Outside of academia, Weeks was a champion for women's rights, primarily the right to upper level schooling. Weeks was an active member and the treasurer of the American Association of University Women, as well as being involved in the International Federation of University Women. Both of these organizations campaigned for the acceptance, inclusion, and promotion of women in academia. Weeks was also the president of the Central Pennsylvania Section of the American Association of Physics Teachers, which provided furthering education courses for physics faculty, expanding the field of physics to better reach the nations youth.
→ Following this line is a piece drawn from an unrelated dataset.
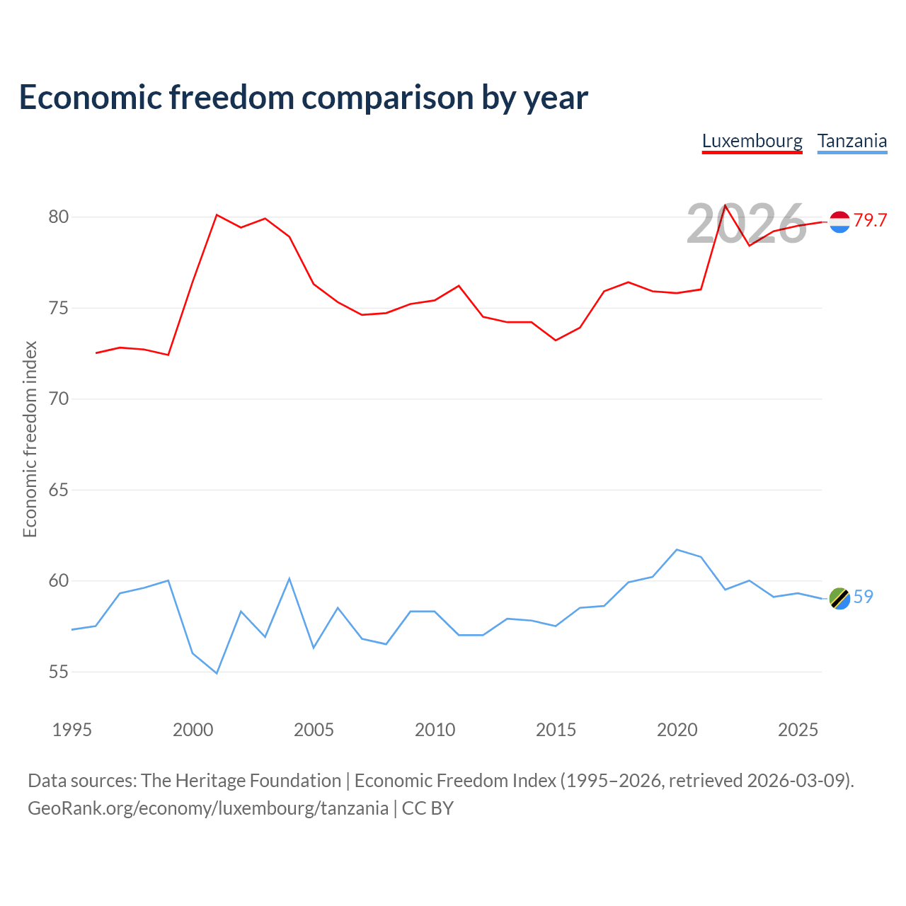 The Economic Freedom Index for Luxembourg is 79.7, ranking 7/197, compared to 59 for Tanzania, ranking 106/197. The chart above displays a comparison of annual changes in economic freedom indexes.
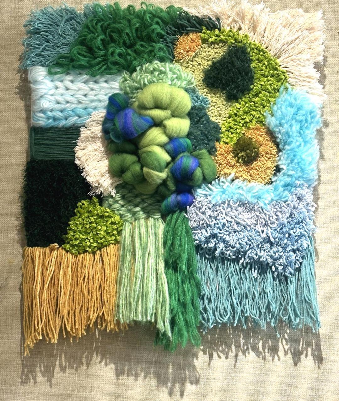 设计理念:苔藓植物的生长伴随着溪水的流动,带来一种静谧的氛围,给人带来舒适、放松的感觉。大面积的绿,也让环境充满生机。“苔藓触感”以多维度视角展现大自然中的苔藓地衣与纺织品之间的设计艺术表达。大自然主题的抽象图案与手工簇绒肌理结合,展现出五颜六色的自然面貌。

She wrote several articles, including a piece about the struggles of women in the science fields, which was published in Physics Today in 1960. A collection of Weeks' written works, including a personal memoir written during retirement, is currently held at MIT. Weeks died in Newton, Massachusetts in 1990 at the age of ninety-seven.

== Publications ==

- Dorothy W. Weeks, "Three Mathematical Methods of Analyzing Polarized Light," Journal of Mathematics and Physics, Volume 13, Issue 4, (December 1934): 371-379.
- Dorothy W. Weeks, "A study of sixteen coherency matrices," Journal of Mathematics and Physics, Volume 13, Issue 4, (December 1934): 380-386.
- Henry Norris Russell, Charlotte E. Moore, and Dorothy W. Weeks, "The Arc Spectrum of Iron (Fe 1)," Transactions of the American Philosophical Society, New Series, Philadelphia: American Philosophical Society, (1944).
- Dorothy W. Weeks, "Central Pennsylvania Section," American Journal of Physics, Volume 22, Number 3 (March 1954): 148-151.
- Dorothy W. Weeks, "Central Pennsylvania Section," American Journal of Physics, Volume 22, Number 6 (September 1954): 424-426.
- Dorothy W. Weeks, "Women in Physics Today," Physics Today, Volume 13, Issue 8, (1960): 22-23.
- Dorothy W. Weeks, "Absorption Spectrum of Fe I in the Vacuum Ultraviolet," Astronomical Journal, Volume 70 (1965): 696.
- Dorothy W. Weeks, "Women in Physics," Physics Today, Volume 40, Issue 6 (1987): 15.